旭川でも「顧問弁護士」を抱えている企業や団体が少なくない。今回の「辛口法律放談」は、この顧問弁護士について考える。(聞き手=北海道経済編集部)

弁護士は通常、案件ごとに依頼を受けます。離婚、会社の破産、刑事裁判の弁護など、法的なサポートが必要な状況が生じたのちに、相談や弁護士との契約を経て、弁護士から必要な書類の作成や法廷での弁護など、実際のサポートが提供されることになります。

一方、現時点で、法的なサポートを必要としているかどうかを問わず「将来サポートが必要になれば一定の範囲内で提供しますよ」という内容の契約を結ぶことがあります。主に企業や団体、自治体などが弁護士と結ぶ「顧問弁護士」の契約がそれです(弁護士と顧問契約を結んでいる企業等を弁護士の側からは「顧問先」と呼んでいます)。
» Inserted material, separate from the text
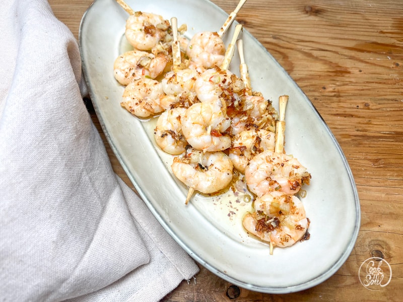 - In einer ausreichend großen Pfanne etwas zusätzliches Öl erhitzen und die Garnelenspieße darin 1 Minute von jeder Seite scharf anbraten.

通常、弁護士費用は相談料が時間あたりいくら、着手金が訴額の何%といったかたちで金額が設定されていますが、顧問弁護士としての報酬(顧問料)は定額制です。月3万円といったところが標準的な水準でしょう。顧問先を多数もっているのは、もっぱら弁護士経験20年以上のベテラン弁護士で、逆に若手弁護士で顧問先を多数もっている人はまれです。
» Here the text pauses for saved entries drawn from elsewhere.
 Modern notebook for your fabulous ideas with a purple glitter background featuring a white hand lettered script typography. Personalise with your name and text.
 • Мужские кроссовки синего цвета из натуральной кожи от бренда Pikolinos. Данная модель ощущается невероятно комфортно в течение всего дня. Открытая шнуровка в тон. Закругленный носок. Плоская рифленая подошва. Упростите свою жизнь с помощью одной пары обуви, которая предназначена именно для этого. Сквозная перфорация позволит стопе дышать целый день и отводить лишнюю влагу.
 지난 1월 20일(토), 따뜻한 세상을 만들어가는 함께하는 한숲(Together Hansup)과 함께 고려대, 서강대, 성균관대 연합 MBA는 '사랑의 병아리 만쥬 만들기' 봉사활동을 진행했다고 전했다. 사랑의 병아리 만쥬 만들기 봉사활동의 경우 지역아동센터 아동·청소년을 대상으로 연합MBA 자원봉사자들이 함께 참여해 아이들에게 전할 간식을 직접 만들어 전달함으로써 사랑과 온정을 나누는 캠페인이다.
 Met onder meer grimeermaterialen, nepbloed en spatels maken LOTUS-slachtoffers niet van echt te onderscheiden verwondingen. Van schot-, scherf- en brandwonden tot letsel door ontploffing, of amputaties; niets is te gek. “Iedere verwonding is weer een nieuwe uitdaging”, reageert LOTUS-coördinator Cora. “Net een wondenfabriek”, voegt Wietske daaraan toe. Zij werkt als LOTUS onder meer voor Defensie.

顧問先の側からみれば、「いざという時のため、あらかじめ弁護士との関係を築いておいたほうが安心」という心理が働くのでしょう。一方、弁護士の側から言えば、有名企業の顧問弁護士を務めるのはステータスシンボルですし、仕事のあるないに関わらず毎月一定の収入が得られる顧問弁護士契約を多く結ぶことが、経営の安定につながることは確かです。そのため、弁護士の中は顧問先を確保するために躍起になる者もいて、怪しい会社の顧問を引き受けたりする者もいます。

単純に金銭的なことだけを考えた場合、顧問弁護士契約を結ぶことが「得」なのかどうかは疑問です。というのは、通常、顧問弁護士契約に含まれる法的なサービスの内容が▽法律行為(例・契約締結)に関する助言▽法律文書(例・契約書)作成に関する助言▽法律相談、の3つに限定されているからです。「助言」や「相談」ということは、顧問弁護士の法的なサポートは初歩的な段階に限定されるということを意味しています。契約締結に本格的に弁護士が関与したり、弁護士が契約書作成を請け負ったり、調停や裁判に弁護士が関わったりする場合は、顧問弁護士契約の枠外の行為となりますから、新たに弁護士との契約を結ぶ必要がありますし、別途の弁護士費用も発生します。

顧問契約の枠外の弁護士費用については、顧問弁護士契約を結んでいれば通常の2~3割引としている弁護士が多いようですが、それでもよほど多くの法的な問題やリスクを抱えている企業でなければ、顧問弁護士契約が割安になることはまれでしょう。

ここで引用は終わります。